I’ve done it again. Fallen into the world of…
“Hey, I know this person. I got an email from her. I got a free CD from these people. I work with this guy. I’m gonna interview her.”
Why, why, why, why, why, why, W-H-Y do I care so much about that?
Why is it that I (and many of you…probably all of you) get so excited about knowing certain people. Why does fame–whether genuine or impressed upon–make us think highly of other people?
That is a dirty trick that Satan uses. Look at the entertainment news industry. People spend hours of their lives reporting on which star went to which restaurant to get drunk and then wreck their car.

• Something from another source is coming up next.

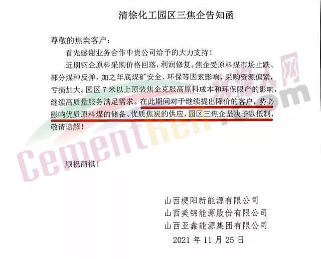 近日,一份名為《清徐化工園區三焦企告知函》的文件在網絡流傳。署名為山西梗陽新能源、山西亞鑫能源,以及A股上市公司美錦能源的三家焦化企業表示,若焦炭客戶繼續提降,勢必影響優質原料煤的儲備、優質焦炭的供應,將堅決予以抵制。

It’s so interesting to me how Satan makes the genuine, pure desire of wanting to know people turn perverted. God created us to love other people. He created us with this desperate need for community, acceptance and relationship.
It’s totally fine to want to know other people. Then Satan came along and turned that desire into a sick and twisted relentless pursuit of gossip-driven knowledge that is known as the secular entertainment news industry.
I try not to watch things like Entertainment Weekly. Although, I have caught myself reading tabloid headlines just to look at their ridiculousness. And, I do read the entertainment headlines on MSN.com, though I think I should stop that.
I just get excited to get to know people. I love finding stuff out about the people around me. I like knowing how people work and the reasons why they do what they do. So, when I get to know somebody a little better I get really excited at my deeper level of relationship with them.
So, naturally, I want to know everybody at every level. I wanna know my neighbor just as much as I want to know “famous people.” Although, when people develop a desire to know someone “famous,” things change. Though I may genuinely want to have a relationship with some musician (for example), it could be taken as obsessive if I pursue it too much. Why can’t I know somebody perceived as famous? What’s the deal with that?
Sure, a lot of it is proximity. I know of that person because they receive a lot of publication and attention. If they weren’t well known and lived on the other side of the country, then I probably wouldn’t have know of them in the first place.
So maybe the distance creates the potential for perceived creepiness.
All theories aside, I love knowing people. I wish that my genuine and pure desire for that was recognized, received and reciprocated.
Another pivot of frustration for me is that I get so excited about knowing people but I don’t usually get so excited about knowing God. He is the Creator of the universe. He’s the man that knit me together in my mother’s womb. He makes the sun rise and set. He raises the dead. He makes the world spin exactly as it should. He will be the one to put the final, devastating blow on Satan.
Yet, I don’t get all thrilled about Him like I should. Sure, I love Him. But I don’t go around every day telling everyone that I know Him. I don’t usually speak of His greatness either.
I think I’ve fallen into conforming to the world’s trend of promoting people rather than promoting the Creator. I get more excited about knowing a variety of people, rather than the notoriety of the Creator.
As I type this, I’m reminded of Romans 12: 2. Of course I am. That verse is all over my life. It tells me not to conform to the world, but to renew my mind.
I’m not renewing my mind enough. If I don’t fill my mind with God’s Word and the stories of His majesty, then that leaves room for the world to fill my mind with hero worship and idolotry.
The answer is simple: Get more in the Word.
Sorry, God. I’m missing out on so much of the true Famous One.